*WORK ORDER*. Repeat, exactly and in full, the lines of the listing below, but without any pictures.

*SOURCE RECORDS*.
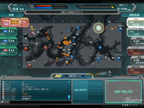 これは、ミノフスキー粒子散布範囲を指揮官が指定することで、効果発動エリア内は一定時間、敵味方ともにレーダー障害を発生させてミニマップが使用不能にすることができる。
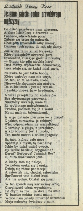 Archiwum / Rozmaitości [old] nr 2264 (44/1988) 84/347 Podziel się Tytuł Jesienne zajecie godne prawdziwego mężczyzny Autor Ludwik Jerzy Kern Rubryka Rozmaitości [old] Artykuł z numeru 2264 (44/1988) Data wydania 30 października 1988 Tagi Ludwik Jerzy Kern poezja
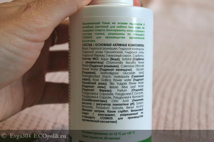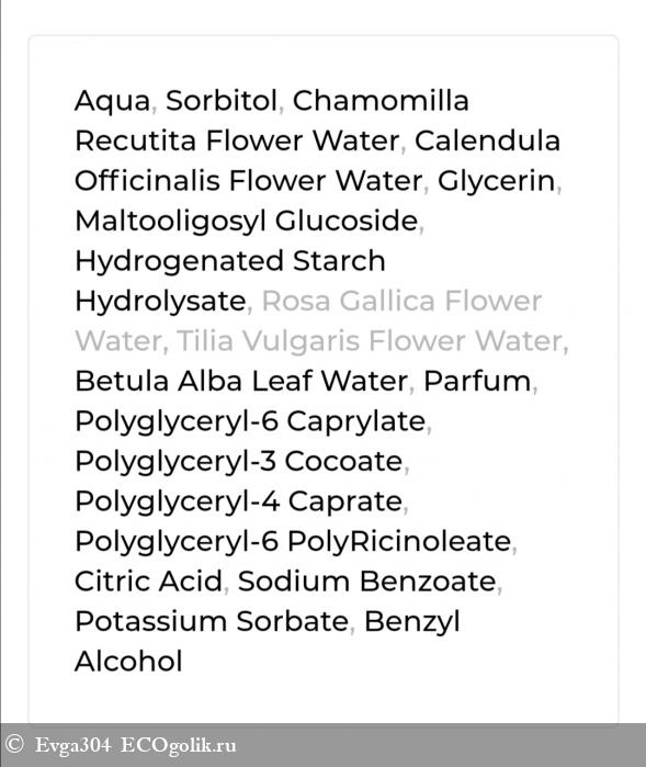 Aqua (Вода), Sorbitol (Сорбитол / увлажнитель), Chamomilla Recutita Flower Water (Гидролат ромашки), Calendula Officinalis Flower Water (Гидролат календулы), Glycerin (Глицерин), Maltooligosyl Glucoside (and) Hydrogenated Starch Hydrolysate (Глюкозный сироп), Rosa Gallica Flower Water (Гидролат Галлийской розы), Tilia Vulgaris Flower Water (Гидролат липы), Betula Alba Leaf Water (Гидролат березы), Parfum (Отдушка), Polyglyceryl-6 Caprylate, Polyglyceryl-3 Cocoate, Polyglyceryl-4 Caprate, Polyglyceryl-6 Ricinoleate (Соллюбилизаторы), Citric Acid (Лимонная кислота / регулятор показателя pH), Sodium Benzoate, Potassium Sorbate, Benzyl Alcohol (Бензоат натрия, Калия сорбат, Бензиловый спирт / консервант, разрешенный по стандарту COSMOS для производства органической косметики).
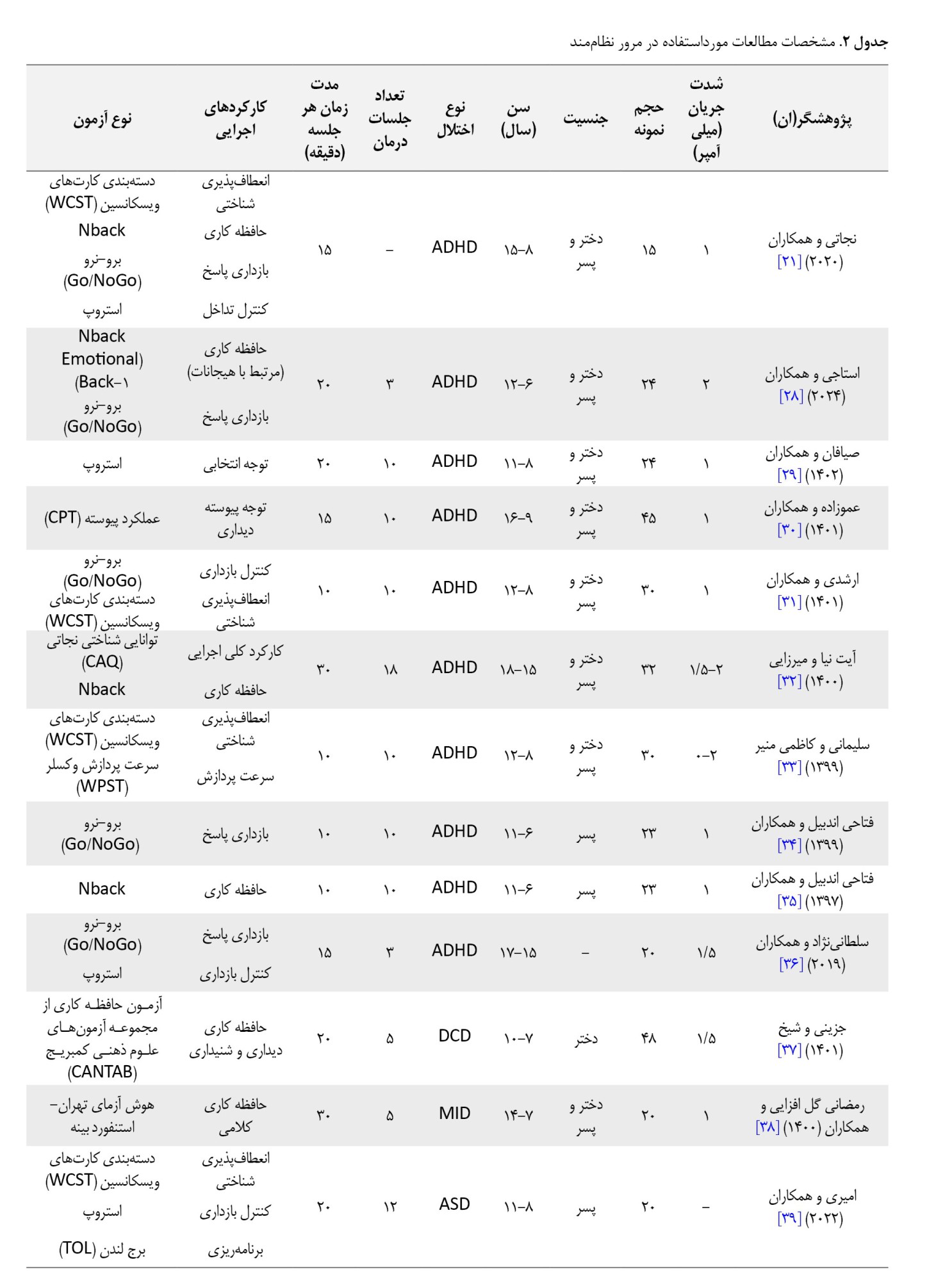 تعداد کل مطالعات واردشده 23 مورد با 74 اندازه اثر بود که مجموعاً 614 نفر را در گروه تحریک جریان مستقیم فراجمجمهای، شم و کنترل ارزیابی کردند. تعداد 10 مطالعه کودکان و نوجوانان مبتلا به اختلال نقص توجه/بیشفعالی (ADHD)، 10 مطالعه کودکان و نوجوانان مبتلا به یادگیری خاص (SLD) ، 1 مطالعه کودکان مبتلا به اختلال طیف اوتیسم (SLD) ، 1 مطالعه کودکان مبتلا به اختلال هماهنگی رشدی (DCD) و 1 مطالعه کودکان و نوجوانان مبتلا به ناتوانی ذهنی خفیف (MID) را بررسی کردند. تعداد جلسات مداخلات بین 3 تا 18 جلسه و مدتزمان هر جلسه از 10 تا 30 دقیقه متغیر بود. ویژگی مطالعات گنجاندهشده در جدول شماره 2 برای مرور نظاممند حاضر ارائه شده است.
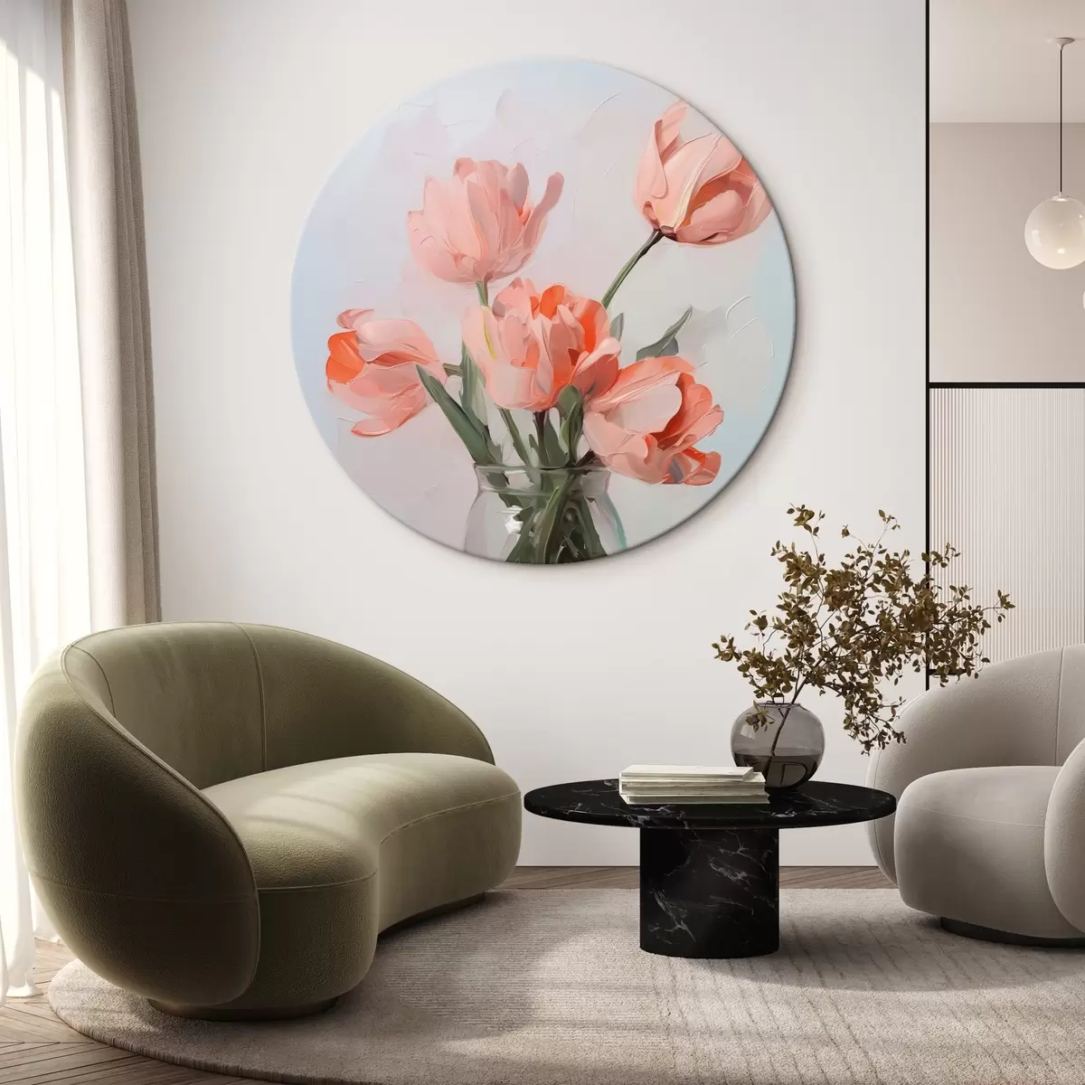Okrągły obraz Obraz imitujący tulipany w wazonie Nr r42836
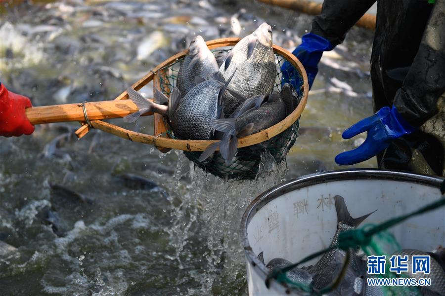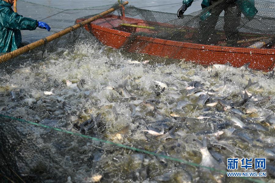 12月18日,一名工作人員將捕撈上來(lái)的魚(yú)放入筐中。新華社記者劉磊攝
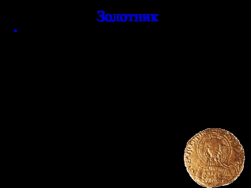 Святославича существовала монета, которую называли "златник". С конца XVI в. золотник служит единицей массы драгоценных металлов и камней. До 1927 г. в России была принята золотниковая система определения содержания драгоценных металлов(золота, серебра, платины) в сплаве, так называемая проба. Например, вещь 84-й пробы, изготовленная из серебра, содержит 84 золотника, или 84 х 4,3 = 361,2 (г)чистого серебра в фунте сплава. В настоящее время проба выражается в метрической системе.
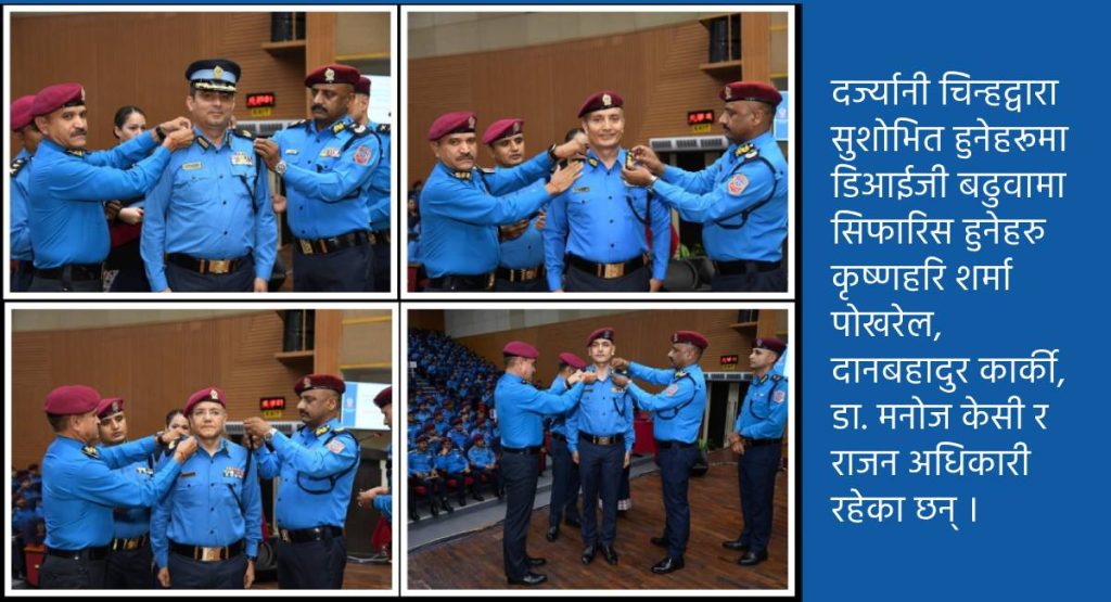 काठमाडौं । प्रहरी महानिरीक्षक (आईजीपी) बसन्त बहादुर कुँवरले हालै पदोन्नति भएका ४ जना प्रहरी अधिकृतहरूलाई दर्ज्यानी चिन्हद्वारा सुशोभित गरेका छन् ।

*ANSWER BOX*.
 これは、ミノフスキー粒子散布範囲を指揮官が指定することで、効果発動エリア内は一定時間、敵味方ともにレーダー障害を発生させてミニマップが使用不能にすることができる。
 Archiwum / Rozmaitości [old] nr 2264 (44/1988) 84/347 Podziel się Tytuł Jesienne zajecie godne prawdziwego mężczyzny Autor Ludwik Jerzy Kern Rubryka Rozmaitości [old] Artykuł z numeru 2264 (44/1988) Data wydania 30 października 1988 Tagi Ludwik Jerzy Kern poezja
 Aqua (Вода), Sorbitol (Сорбитол / увлажнитель), Chamomilla Recutita Flower Water (Гидролат ромашки), Calendula Officinalis Flower Water (Гидролат календулы), Glycerin (Глицерин), Maltooligosyl Glucoside (and) Hydrogenated Starch Hydrolysate (Глюкозный сироп), Rosa Gallica Flower Water (Гидролат Галлийской розы), Tilia Vulgaris Flower Water (Гидролат липы), Betula Alba Leaf Water (Гидролат березы), Parfum (Отдушка), Polyglyceryl-6 Caprylate, Polyglyceryl-3 Cocoate, Polyglyceryl-4 Caprate, Polyglyceryl-6 Ricinoleate (Соллюбилизаторы), Citric Acid (Лимонная кислота / регулятор показателя pH), Sodium Benzoate, Potassium Sorbate, Benzyl Alcohol (Бензоат натрия, Калия сорбат, Бензиловый спирт / консервант, разрешенный по стандарту COSMOS для производства органической косметики).
 تعداد کل مطالعات واردشده 23 مورد با 74 اندازه اثر بود که مجموعاً 614 نفر را در گروه تحریک جریان مستقیم فراجمجمهای، شم و کنترل ارزیابی کردند. تعداد 10 مطالعه کودکان و نوجوانان مبتلا به اختلال نقص توجه/بیشفعالی (ADHD)، 10 مطالعه کودکان و نوجوانان مبتلا به یادگیری خاص (SLD) ، 1 مطالعه کودکان مبتلا به اختلال طیف اوتیسم (SLD) ، 1 مطالعه کودکان مبتلا به اختلال هماهنگی رشدی (DCD) و 1 مطالعه کودکان و نوجوانان مبتلا به ناتوانی ذهنی خفیف (MID) را بررسی کردند. تعداد جلسات مداخلات بین 3 تا 18 جلسه و مدتزمان هر جلسه از 10 تا 30 دقیقه متغیر بود. ویژگی مطالعات گنجاندهشده در جدول شماره 2 برای مرور نظاممند حاضر ارائه شده است.
Okrągły obraz Obraz imitujący tulipany w wazonie Nr r42836
 12月18日,一名工作人員將捕撈上來(lái)的魚(yú)放入筐中。新華社記者劉磊攝
 Святославича существовала монета, которую называли "златник". С конца XVI в. золотник служит единицей массы драгоценных металлов и камней. До 1927 г. в России была принята золотниковая система определения содержания драгоценных металлов(золота, серебра, платины) в сплаве, так называемая проба. Например, вещь 84-й пробы, изготовленная из серебра, содержит 84 золотника, или 84 х 4,3 = 361,2 (г)чистого серебра в фунте сплава. В настоящее время проба выражается в метрической системе.
 काठमाडौं । प्रहरी महानिरीक्षक (आईजीपी) बसन्त बहादुर कुँवरले हालै पदोन्नति भएका ४ जना प्रहरी अधिकृतहरूलाई दर्ज्यानी चिन्हद्वारा सुशोभित गरेका छन् ।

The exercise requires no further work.